Like most compromises, Abood treads a fine line and doesn't provide any strong guidance that would apply in other contexts. This is the way much of the "government as employer" case law looks. Trying to strictly apply a single principle will never result in these kinds of compromise decisions because it is only through the application of competing principles that such compromises are reached. I fear that the more conservative justices are too blinded by their hatred of unions to realize that there are more principles implicated here than simply speech.

King Kane said...

It seems to me the action you take in both the instances is the same - you give money. What differs is who you give the money to, or how the money changes hands, but in each instance the action you take is the same unless one believes the government "erases" an individual's action so that the individual is sent back to the original state where s/he had not given money to the government to begin with. But that cannot be right since you are out of some amount of money after giving your money. Either to the government or to the 3rd party, the money is gone and you are out of the amount you gave.

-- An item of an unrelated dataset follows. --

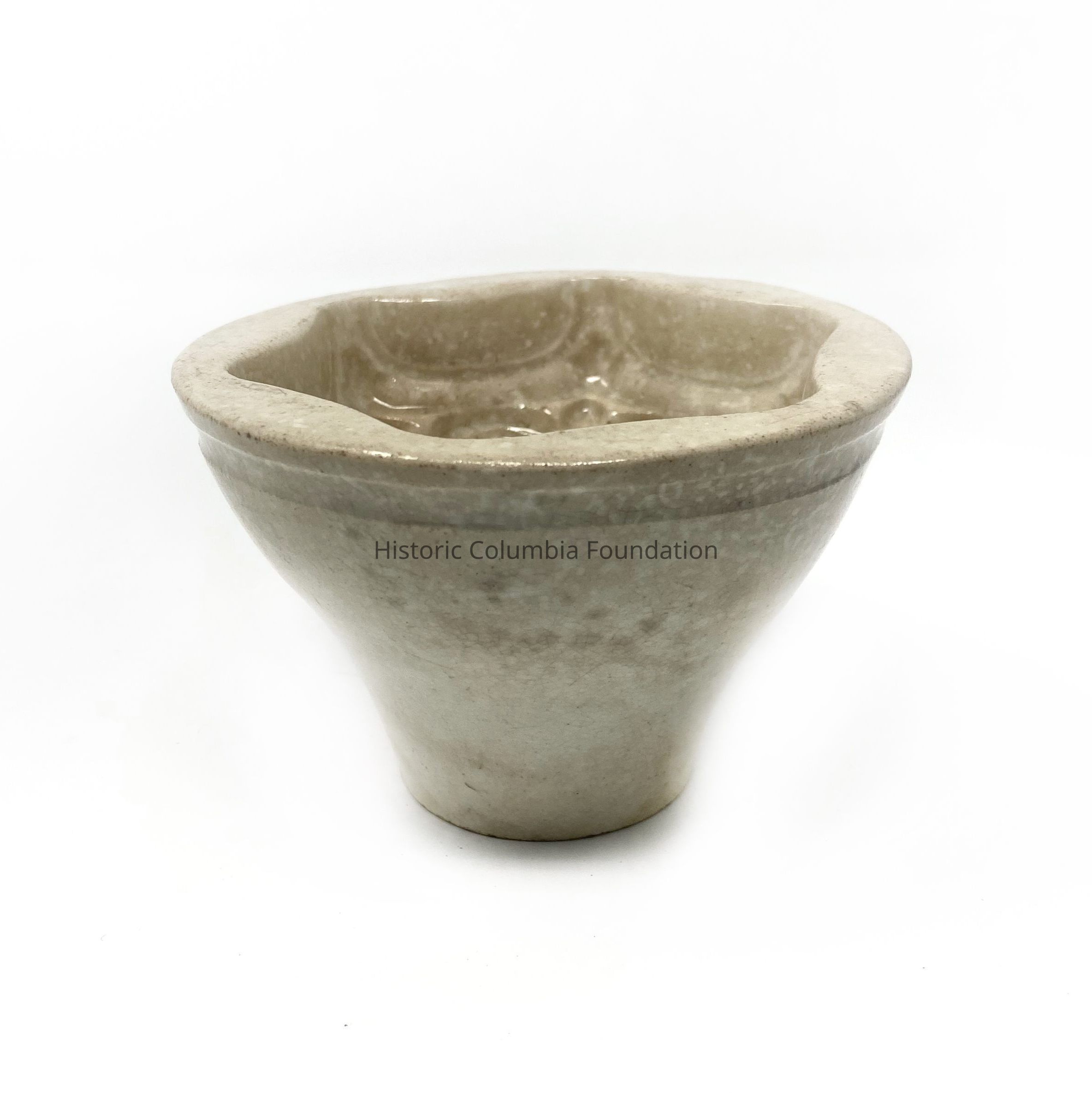 Ceramic stepped hexagonal pattern pudding mold. It is covered in a pale cream glaze.Use

Thus I do not think the action/inaction distinction is genuine in this context. Nonetheless, I sense something instructive in that distinction for the following reason.

One way to answer Mr. Dorf's question is that individuals understand the government (i.e. State) to be something bigger than herself/himself, a community s/he belongs. The shared contemporary experience as well as the history under the same government provides individuals with a sense of belonging, a kind of comfort one feels when s/he can be herself without isolation, as s/he often does with her/his family and friends. In this view, allowing/compelling the government acting on your behalf works as a sharing the responsibility and honor of your own with the larger community - spreading the misery if you will.

This works because when you have the government act on your behalf; you kind of know that your fellow citizens have your back. They must, since you are essentially enlisting your fellow citizens as accomplices/comrades. You may not wash off every guilt, you may not return the favor always proportionally. (Giving money to the government in this context works as your return to its favor as well) But at least you know you are not alone, which gives you a sense of security and legitimacy.

The foregoing might be one answer to the question why the government "launders money" when it acts as a conduit among its citizens. And the relevant distinction here might rather be "acting together" against "acting alone," than "action" against "inaction."

P.S. This is merely one way to answer the original question, not that I endorse it.

Greg said...

My point was that taxes are a special case of government compelling action that we have already accepted, despite them being (as you correctly identify) part of the larger class of compelled action that is inherently suspect.

I also think the government as representative of the people argument that Kane is making is instructive. Paying taxes to the government is like paying dues to an organization that you are already a member of and that will be taking actions on your behalf, since the government is supposed to represent the people. Being compelled to make payments to an organization you are not a member of (in this case the union) is inherently a lot more questionable. Freedom of association is certainly implicated without even getting into compelled speech issues.

Again, I like Abood, and think it's the right compromise. When the union is acting as "all employees" then it makes sense that all employees are inherently a member of that group, due to their desire to be employed in that organization. When the union is acting as "all union members" then it makes sense that not all employees want to be a member of that group. I'm just saying that there are good reasons to draw distinctions between being forced to pay taxes to a government that is inherently supposed to represent you and being forced to pay a third party that may not represent you at all.